How to flatten SCollection[SCollection[SomeType]] into SCollection[SomeType]

271 Views Asked by At

I'm using Beam (and Scio, though feel free to answer this question for PCollections too) to read from multiple tables in BigQuery. Because I'm reading multiple datasets from a dynamically generated list (it is itself an SCollection[String], where the String specifies the table name essentially), I wind up with an SCollection[SCollection[MyCoolDataType]].

Is there any way to flatten (union) these SCollection objects into one? I've tried:

doubleCollection.reduce((col1, col2) => col1.union(col2))

and

sc.unionAll(doubleCollection)

but unfortunately an SCollection is not itself an iterable, so I think I may need to get more creative about mapping elements.

1

There are 1 best solutions below

0
On

Flattening SCollection[SCollection[T]] isn't supported in scio or the underlying beam model.

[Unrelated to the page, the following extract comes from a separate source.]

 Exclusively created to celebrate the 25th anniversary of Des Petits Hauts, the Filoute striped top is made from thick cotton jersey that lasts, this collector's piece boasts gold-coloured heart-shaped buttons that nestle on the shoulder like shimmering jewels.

If you were using FileIO, you could use FileIO.matchAll() followed by FileIO.readMatches() to accept a list of file patterns and then read these into the PCollection.

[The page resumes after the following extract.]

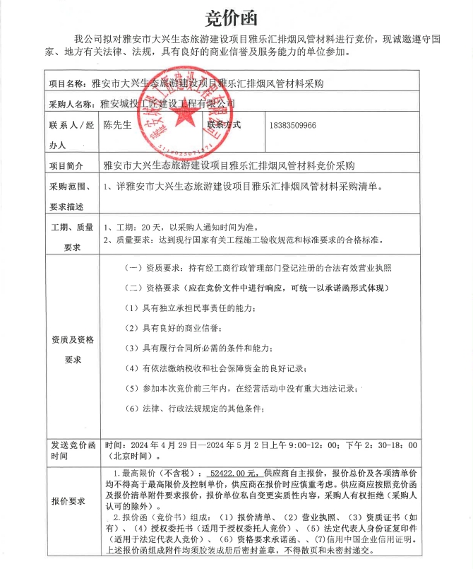 雅安市大興生態(tài)旅游建設項目雅樂匯排煙風管材料采購競價公告

For BigQuery however this is not currently supported by beam (nor scio). What you can instead do is use scio's taps to materialize the dynamic list and use the result to construct a subsequent step. See example here

val (sc1, _) = ContextAndArgs(cmdlineArgs)
val queries: ClosedTap[String] = 
  sc1.typedBigQuery[Row]()
     .map(_.table_to_query)
     .materialize

val sr: ScioResult = sc1.run().waitUntilDone()
val (sc2, _) = ContextAndArgs(cmdlineArgs)

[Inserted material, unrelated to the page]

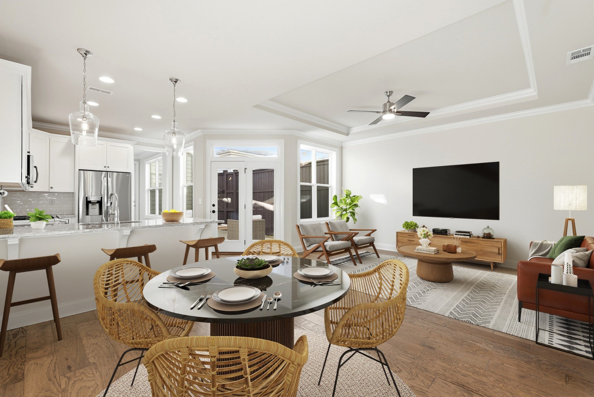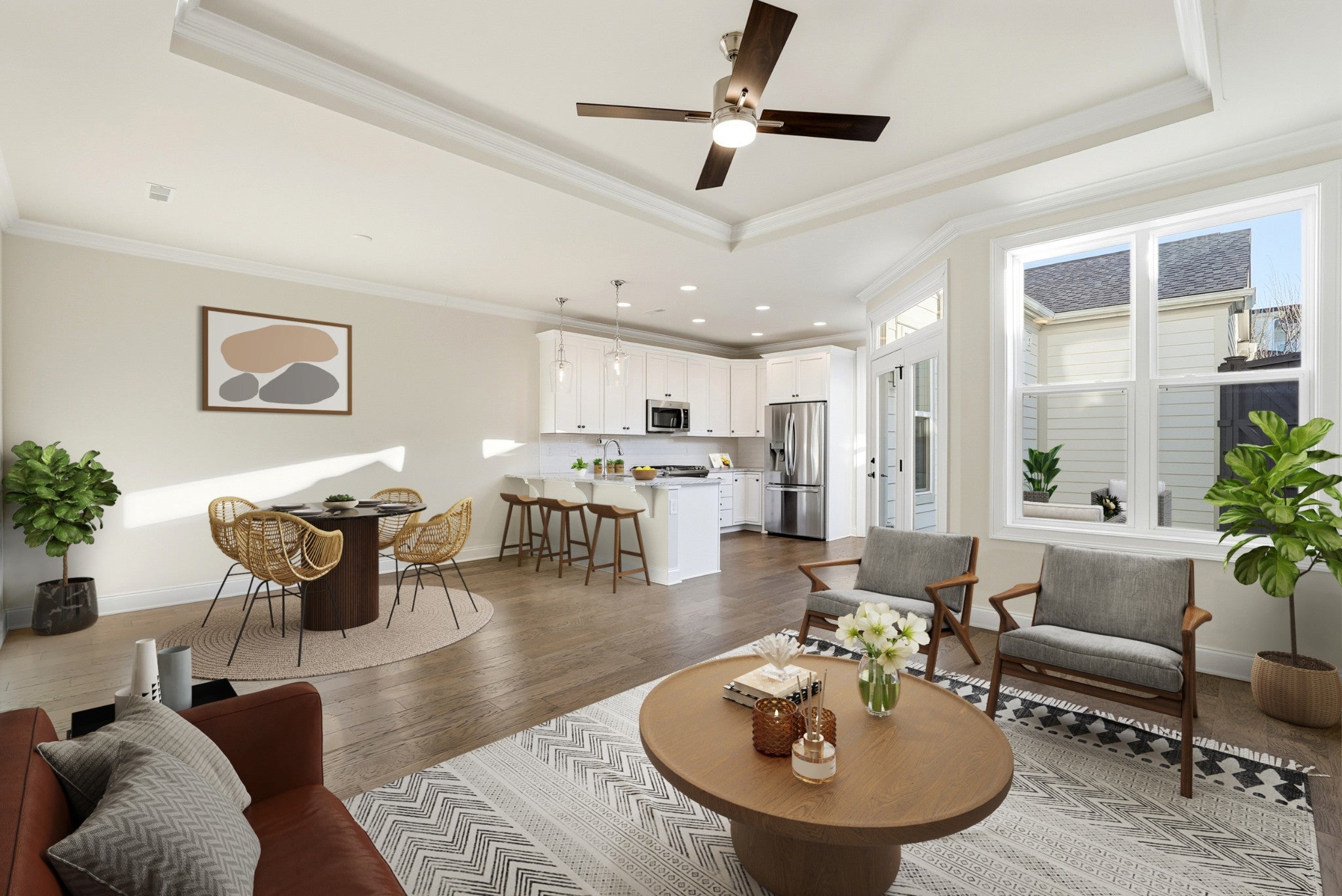 Welcome to this gorgeous, light-filled townhome in wonderful Westhaven with flat entrance (no steps) from the two-car garage! The main level boasts an open layout with a bright white kitchen, spacious living area, and serene primary suite. Enjoy a private side patio and courtyard—thoughtfully designed with no grass—for a beautiful, low-maintenance setting that invites effortless outdoor living. A large flex space with sliding barn door adds extra functionality on the main level for a small office, extra pantry or coffee bar. Upstairs, a versatile media/bonus room is joined by two bedrooms and two full baths. The attached 2-car garage with epoxy flooring also comes with additional storage space above. The HOA handles all exterior maintenance and residents enjoy full access to Westhaven’s unmatched amenities, including golf, tennis, pickleball, biking, hiking, swimming and more! Stroll or ride your golf cart to Front Street Town Center with shops and restaurants, and enjoy the convenience of a top-rated on-site elementary school. All of this—just minutes from Cool Springs, Mack Hatcher Parkway, historic downtown Franklin, and top-rated Williamson County schools. ** Lender rate buydown with preferred lender! **

val queries: List[SCollection[TableRow]] =
  sr.tap(queriesTap)
    .value
    .toList
    .map(q => sc2.bigQuerySelect(Query(q)))

if(queries.nonEmpty) {
  val (head :: tail) = queries
  val unioned: SCollection[TableRow] =
    head.transform("unionQueries") { h =>
      tail.foldLeft(h) { case (t, acc) => acc.union(t) }
    }
}